Exercise aim
Output the span of lines from the one that contains "얼마 전 새롭게 조성된" through the end of the records, inclusive, exactly as written and free of pictures.

+++ Extracted information

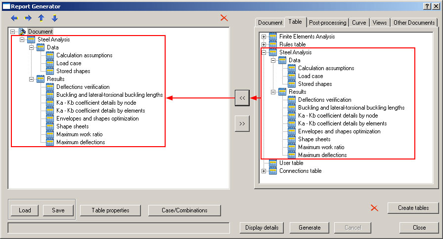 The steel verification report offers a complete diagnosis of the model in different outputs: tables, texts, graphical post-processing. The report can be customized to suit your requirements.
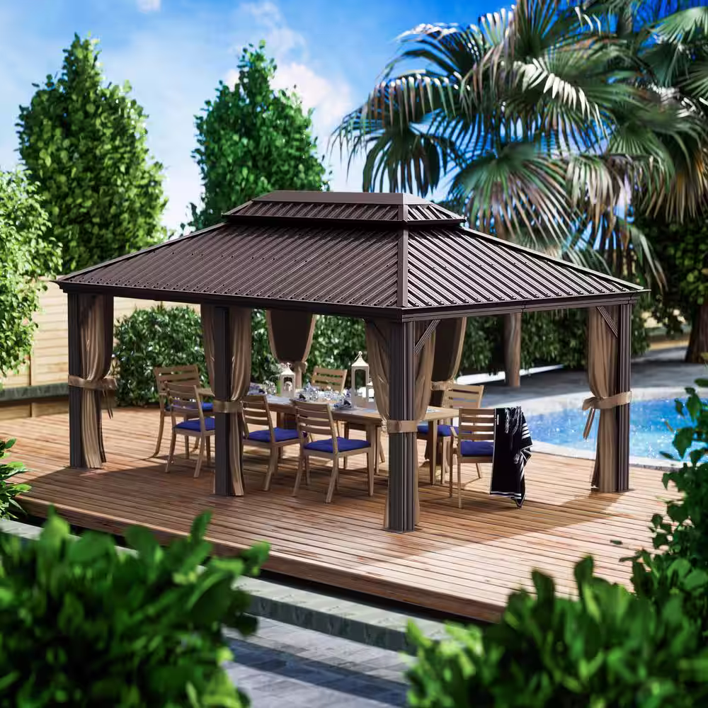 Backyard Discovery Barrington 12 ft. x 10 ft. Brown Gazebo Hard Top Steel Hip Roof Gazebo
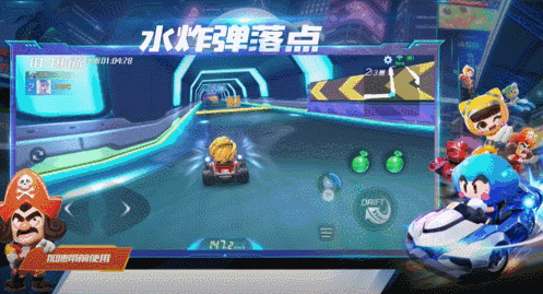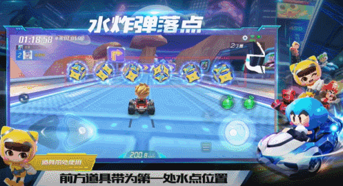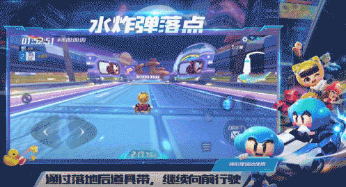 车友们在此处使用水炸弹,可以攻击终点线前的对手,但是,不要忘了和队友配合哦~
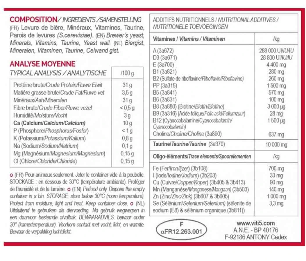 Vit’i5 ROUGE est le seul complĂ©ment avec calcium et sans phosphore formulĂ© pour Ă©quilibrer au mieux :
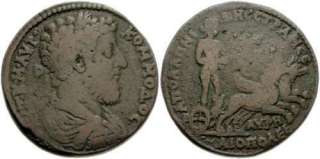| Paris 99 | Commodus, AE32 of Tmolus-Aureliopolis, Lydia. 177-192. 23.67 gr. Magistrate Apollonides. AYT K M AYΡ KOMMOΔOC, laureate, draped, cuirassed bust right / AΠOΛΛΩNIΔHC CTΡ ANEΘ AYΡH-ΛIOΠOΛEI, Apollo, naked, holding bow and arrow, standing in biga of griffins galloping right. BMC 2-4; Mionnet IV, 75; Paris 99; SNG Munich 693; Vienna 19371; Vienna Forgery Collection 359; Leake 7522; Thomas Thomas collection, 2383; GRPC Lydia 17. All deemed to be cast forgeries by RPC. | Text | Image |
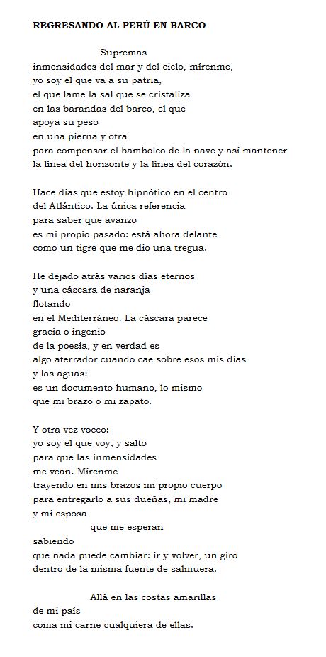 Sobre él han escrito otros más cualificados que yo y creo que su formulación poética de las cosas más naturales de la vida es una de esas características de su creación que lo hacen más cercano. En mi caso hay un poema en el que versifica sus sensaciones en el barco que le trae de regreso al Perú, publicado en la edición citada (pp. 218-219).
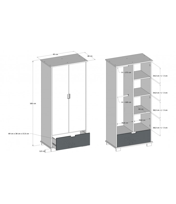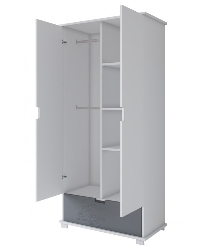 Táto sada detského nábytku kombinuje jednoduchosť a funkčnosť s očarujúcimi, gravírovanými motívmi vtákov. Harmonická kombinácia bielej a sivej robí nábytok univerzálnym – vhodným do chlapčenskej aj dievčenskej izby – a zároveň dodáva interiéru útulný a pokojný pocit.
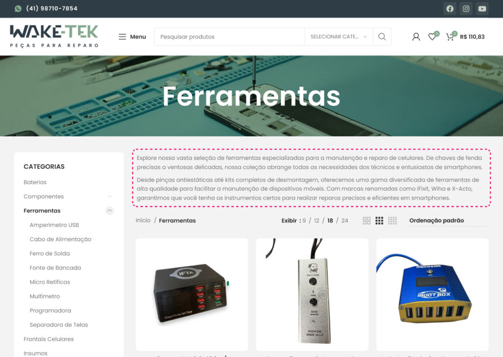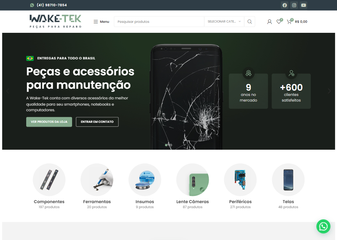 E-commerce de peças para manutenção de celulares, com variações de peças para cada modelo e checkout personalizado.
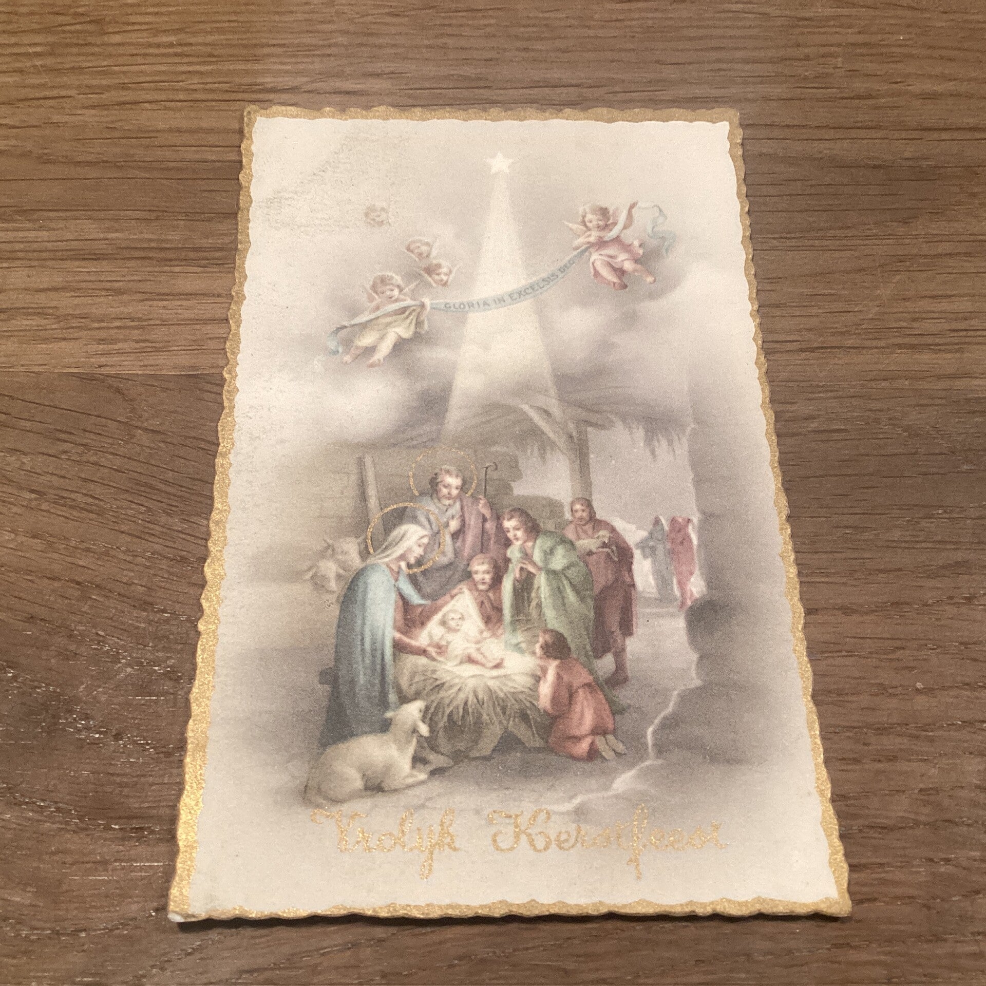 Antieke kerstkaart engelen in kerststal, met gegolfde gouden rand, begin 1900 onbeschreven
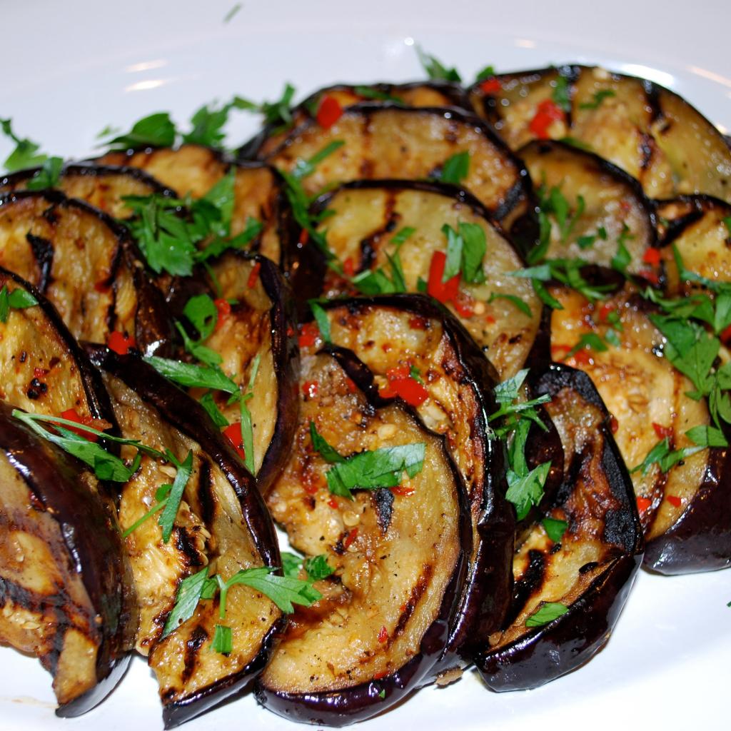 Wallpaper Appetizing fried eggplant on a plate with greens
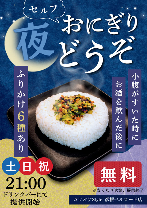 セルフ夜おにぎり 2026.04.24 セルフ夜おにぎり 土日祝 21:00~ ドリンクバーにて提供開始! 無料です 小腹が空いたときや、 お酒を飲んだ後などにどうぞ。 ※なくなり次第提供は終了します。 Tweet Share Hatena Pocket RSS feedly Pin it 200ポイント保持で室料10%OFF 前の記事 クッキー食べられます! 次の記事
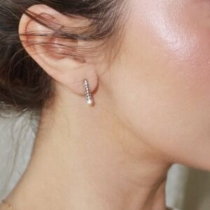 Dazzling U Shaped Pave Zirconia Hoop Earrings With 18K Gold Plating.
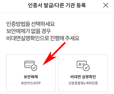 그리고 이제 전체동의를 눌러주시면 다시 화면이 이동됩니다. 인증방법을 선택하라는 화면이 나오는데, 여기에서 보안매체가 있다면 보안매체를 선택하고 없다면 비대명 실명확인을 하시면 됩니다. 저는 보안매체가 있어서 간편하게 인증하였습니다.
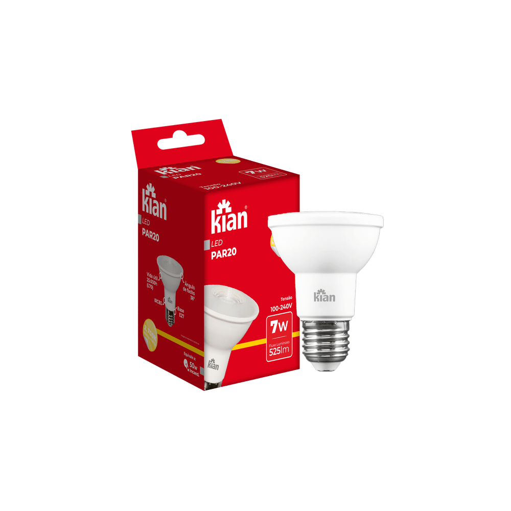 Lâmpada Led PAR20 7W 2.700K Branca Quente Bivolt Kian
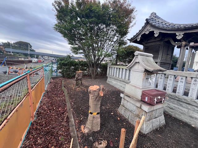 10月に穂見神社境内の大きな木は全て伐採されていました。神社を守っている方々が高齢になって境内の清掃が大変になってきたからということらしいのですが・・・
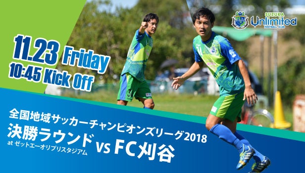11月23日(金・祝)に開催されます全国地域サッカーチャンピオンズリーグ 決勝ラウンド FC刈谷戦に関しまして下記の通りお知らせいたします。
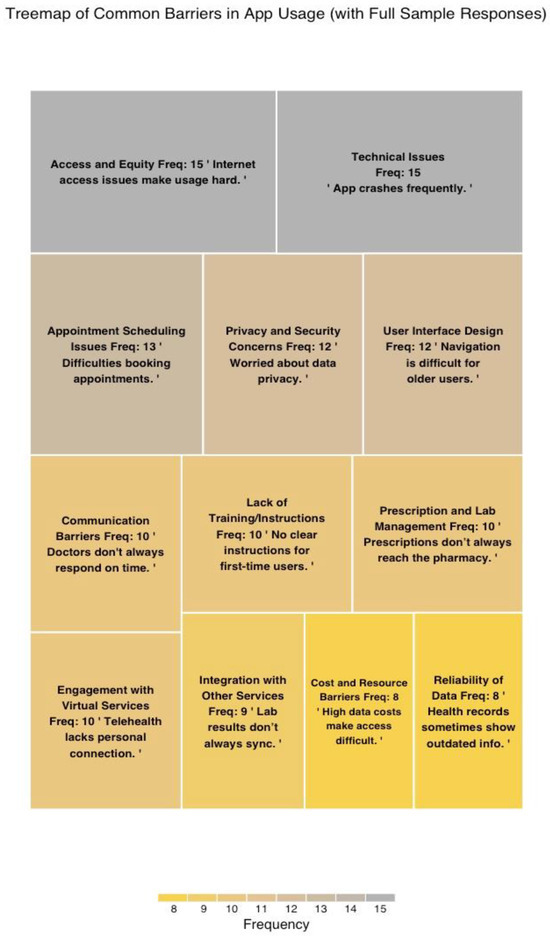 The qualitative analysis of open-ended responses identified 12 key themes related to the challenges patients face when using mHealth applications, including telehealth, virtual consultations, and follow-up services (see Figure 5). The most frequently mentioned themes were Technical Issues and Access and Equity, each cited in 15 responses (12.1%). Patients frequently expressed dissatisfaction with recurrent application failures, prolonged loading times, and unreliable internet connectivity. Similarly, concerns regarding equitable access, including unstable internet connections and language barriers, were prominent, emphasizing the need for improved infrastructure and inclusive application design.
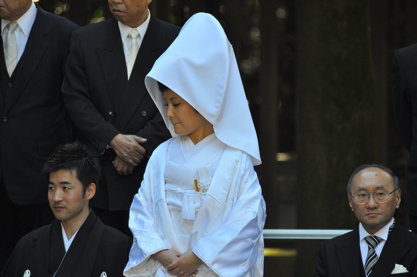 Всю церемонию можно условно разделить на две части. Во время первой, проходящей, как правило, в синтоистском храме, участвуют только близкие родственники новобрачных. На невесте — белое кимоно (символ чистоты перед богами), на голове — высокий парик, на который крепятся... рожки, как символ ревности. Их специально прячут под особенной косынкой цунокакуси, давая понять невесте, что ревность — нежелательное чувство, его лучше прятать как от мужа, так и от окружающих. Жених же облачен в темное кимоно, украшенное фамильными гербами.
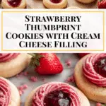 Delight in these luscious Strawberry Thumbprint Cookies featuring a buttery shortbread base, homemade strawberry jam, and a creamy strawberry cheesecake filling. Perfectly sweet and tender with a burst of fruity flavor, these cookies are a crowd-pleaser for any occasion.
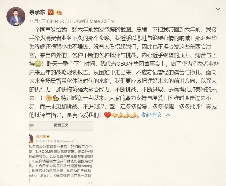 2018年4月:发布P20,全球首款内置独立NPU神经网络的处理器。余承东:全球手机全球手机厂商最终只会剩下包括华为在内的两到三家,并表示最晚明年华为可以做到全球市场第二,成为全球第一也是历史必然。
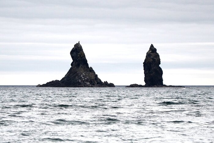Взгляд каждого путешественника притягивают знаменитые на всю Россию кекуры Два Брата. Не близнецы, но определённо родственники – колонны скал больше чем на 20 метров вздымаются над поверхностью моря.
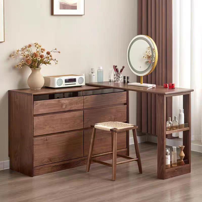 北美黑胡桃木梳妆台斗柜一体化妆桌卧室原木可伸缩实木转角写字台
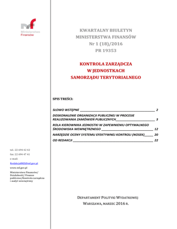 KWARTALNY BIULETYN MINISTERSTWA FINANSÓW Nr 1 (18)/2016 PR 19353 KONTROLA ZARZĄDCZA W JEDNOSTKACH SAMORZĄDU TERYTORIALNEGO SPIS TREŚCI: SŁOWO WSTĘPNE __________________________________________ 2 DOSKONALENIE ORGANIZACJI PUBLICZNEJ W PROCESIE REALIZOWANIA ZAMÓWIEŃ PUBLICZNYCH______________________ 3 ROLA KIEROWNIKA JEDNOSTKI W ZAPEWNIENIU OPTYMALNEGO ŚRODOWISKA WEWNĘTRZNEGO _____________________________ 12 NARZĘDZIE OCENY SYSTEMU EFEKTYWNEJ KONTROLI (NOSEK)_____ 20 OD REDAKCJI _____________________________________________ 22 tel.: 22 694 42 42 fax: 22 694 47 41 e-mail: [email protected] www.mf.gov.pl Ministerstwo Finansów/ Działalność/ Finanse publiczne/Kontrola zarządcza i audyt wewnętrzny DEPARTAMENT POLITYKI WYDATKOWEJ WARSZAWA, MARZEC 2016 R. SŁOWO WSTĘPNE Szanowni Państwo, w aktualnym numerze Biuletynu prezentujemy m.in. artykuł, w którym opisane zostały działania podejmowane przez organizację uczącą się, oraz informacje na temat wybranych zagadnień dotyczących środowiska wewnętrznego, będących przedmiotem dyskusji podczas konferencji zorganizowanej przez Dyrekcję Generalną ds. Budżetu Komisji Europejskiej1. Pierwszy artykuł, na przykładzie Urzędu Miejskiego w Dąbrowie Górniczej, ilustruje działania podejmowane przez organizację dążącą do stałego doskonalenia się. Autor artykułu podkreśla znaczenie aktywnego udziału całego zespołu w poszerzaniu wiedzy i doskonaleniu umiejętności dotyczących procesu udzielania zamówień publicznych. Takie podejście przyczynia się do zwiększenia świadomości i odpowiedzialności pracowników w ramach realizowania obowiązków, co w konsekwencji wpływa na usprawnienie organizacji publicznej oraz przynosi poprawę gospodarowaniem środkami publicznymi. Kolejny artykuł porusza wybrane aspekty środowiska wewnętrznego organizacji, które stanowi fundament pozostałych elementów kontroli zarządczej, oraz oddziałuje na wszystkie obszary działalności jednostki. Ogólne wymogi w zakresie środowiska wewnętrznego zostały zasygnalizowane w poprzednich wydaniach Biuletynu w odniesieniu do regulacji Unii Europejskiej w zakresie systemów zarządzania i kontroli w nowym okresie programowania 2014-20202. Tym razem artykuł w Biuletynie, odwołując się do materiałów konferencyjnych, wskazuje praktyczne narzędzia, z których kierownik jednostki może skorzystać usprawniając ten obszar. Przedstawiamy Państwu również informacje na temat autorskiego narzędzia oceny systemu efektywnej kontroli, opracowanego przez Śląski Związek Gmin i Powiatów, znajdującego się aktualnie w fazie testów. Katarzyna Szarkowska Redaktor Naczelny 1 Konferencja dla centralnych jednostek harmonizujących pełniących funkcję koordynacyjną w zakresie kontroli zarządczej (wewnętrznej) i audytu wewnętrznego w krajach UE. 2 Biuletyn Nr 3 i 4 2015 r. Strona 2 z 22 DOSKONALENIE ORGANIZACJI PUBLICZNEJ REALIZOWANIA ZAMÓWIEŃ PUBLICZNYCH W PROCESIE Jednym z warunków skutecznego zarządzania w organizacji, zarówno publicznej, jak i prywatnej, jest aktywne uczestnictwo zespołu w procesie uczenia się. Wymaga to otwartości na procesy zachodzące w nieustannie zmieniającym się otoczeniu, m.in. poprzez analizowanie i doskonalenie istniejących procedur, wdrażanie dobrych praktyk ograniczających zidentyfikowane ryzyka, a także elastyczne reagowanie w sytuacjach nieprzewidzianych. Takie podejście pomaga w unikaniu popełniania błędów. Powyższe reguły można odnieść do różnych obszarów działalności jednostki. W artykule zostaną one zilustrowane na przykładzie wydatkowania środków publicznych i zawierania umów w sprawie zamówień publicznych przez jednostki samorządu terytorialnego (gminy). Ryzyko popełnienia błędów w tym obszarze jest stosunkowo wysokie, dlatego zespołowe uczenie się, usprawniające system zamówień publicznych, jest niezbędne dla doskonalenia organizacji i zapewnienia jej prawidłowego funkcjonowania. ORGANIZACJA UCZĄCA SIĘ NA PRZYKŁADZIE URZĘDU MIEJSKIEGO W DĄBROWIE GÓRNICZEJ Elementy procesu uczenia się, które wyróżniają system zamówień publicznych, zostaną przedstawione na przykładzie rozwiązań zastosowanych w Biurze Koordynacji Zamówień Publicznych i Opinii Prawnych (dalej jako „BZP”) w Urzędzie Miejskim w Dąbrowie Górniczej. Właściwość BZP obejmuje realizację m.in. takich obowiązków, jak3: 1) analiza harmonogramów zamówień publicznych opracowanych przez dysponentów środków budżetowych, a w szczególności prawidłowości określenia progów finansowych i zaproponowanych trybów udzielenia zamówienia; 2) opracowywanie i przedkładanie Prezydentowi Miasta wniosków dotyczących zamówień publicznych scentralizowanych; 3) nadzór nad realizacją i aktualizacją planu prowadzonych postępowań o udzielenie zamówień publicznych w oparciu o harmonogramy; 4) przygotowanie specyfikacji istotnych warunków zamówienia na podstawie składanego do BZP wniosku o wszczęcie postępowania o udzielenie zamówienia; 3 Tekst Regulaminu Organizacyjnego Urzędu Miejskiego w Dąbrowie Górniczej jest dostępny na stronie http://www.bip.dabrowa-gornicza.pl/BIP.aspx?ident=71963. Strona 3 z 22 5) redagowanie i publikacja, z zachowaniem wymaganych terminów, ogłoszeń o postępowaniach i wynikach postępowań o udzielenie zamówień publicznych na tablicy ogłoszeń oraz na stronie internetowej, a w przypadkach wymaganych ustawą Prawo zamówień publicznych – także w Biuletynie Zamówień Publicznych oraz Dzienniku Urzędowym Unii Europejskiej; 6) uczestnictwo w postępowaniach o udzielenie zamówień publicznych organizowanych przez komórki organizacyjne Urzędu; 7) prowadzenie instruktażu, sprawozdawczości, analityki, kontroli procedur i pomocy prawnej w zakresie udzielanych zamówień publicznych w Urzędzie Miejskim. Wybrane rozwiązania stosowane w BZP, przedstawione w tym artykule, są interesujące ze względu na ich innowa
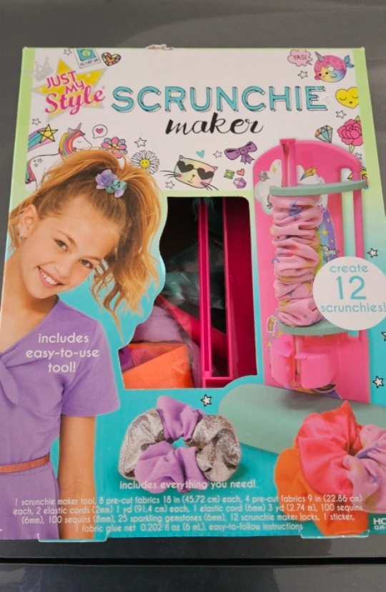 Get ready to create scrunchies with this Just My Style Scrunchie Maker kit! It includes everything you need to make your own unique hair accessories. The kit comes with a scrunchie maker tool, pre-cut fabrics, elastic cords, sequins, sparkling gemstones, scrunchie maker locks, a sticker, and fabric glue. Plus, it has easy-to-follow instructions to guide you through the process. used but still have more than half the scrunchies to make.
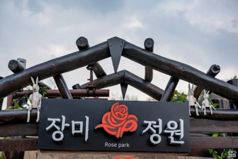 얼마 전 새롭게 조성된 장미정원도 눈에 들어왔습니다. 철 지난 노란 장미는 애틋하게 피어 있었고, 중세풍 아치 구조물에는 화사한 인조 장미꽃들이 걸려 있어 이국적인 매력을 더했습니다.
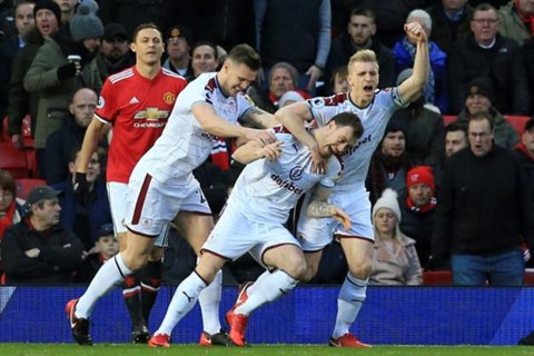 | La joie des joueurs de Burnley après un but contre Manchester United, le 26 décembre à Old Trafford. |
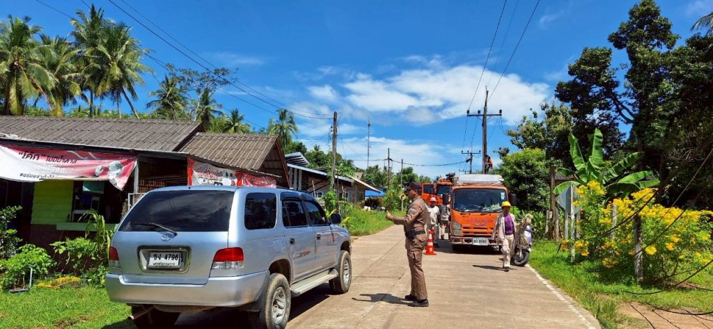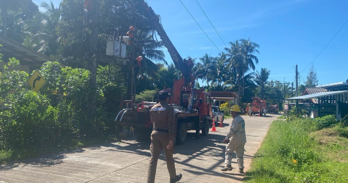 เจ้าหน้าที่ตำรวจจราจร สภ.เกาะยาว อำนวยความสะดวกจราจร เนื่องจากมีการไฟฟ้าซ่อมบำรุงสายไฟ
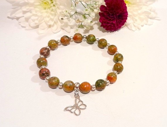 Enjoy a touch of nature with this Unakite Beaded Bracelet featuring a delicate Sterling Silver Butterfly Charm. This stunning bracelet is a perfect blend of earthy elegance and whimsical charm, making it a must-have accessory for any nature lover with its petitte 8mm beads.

++++++

Response to the task
 얼마 전 새롭게 조성된 장미정원도 눈에 들어왔습니다. 철 지난 노란 장미는 애틋하게 피어 있었고, 중세풍 아치 구조물에는 화사한 인조 장미꽃들이 걸려 있어 이국적인 매력을 더했습니다.
 | La joie des joueurs de Burnley après un but contre Manchester United, le 26 décembre à Old Trafford. |
 เจ้าหน้าที่ตำรวจจราจร สภ.เกาะยาว อำนวยความสะดวกจราจร เนื่องจากมีการไฟฟ้าซ่อมบำรุงสายไฟ
 Enjoy a touch of nature with this Unakite Beaded Bracelet featuring a delicate Sterling Silver Butterfly Charm. This stunning bracelet is a perfect blend of earthy elegance and whimsical charm, making it a must-have accessory for any nature lover with its petitte 8mm beads.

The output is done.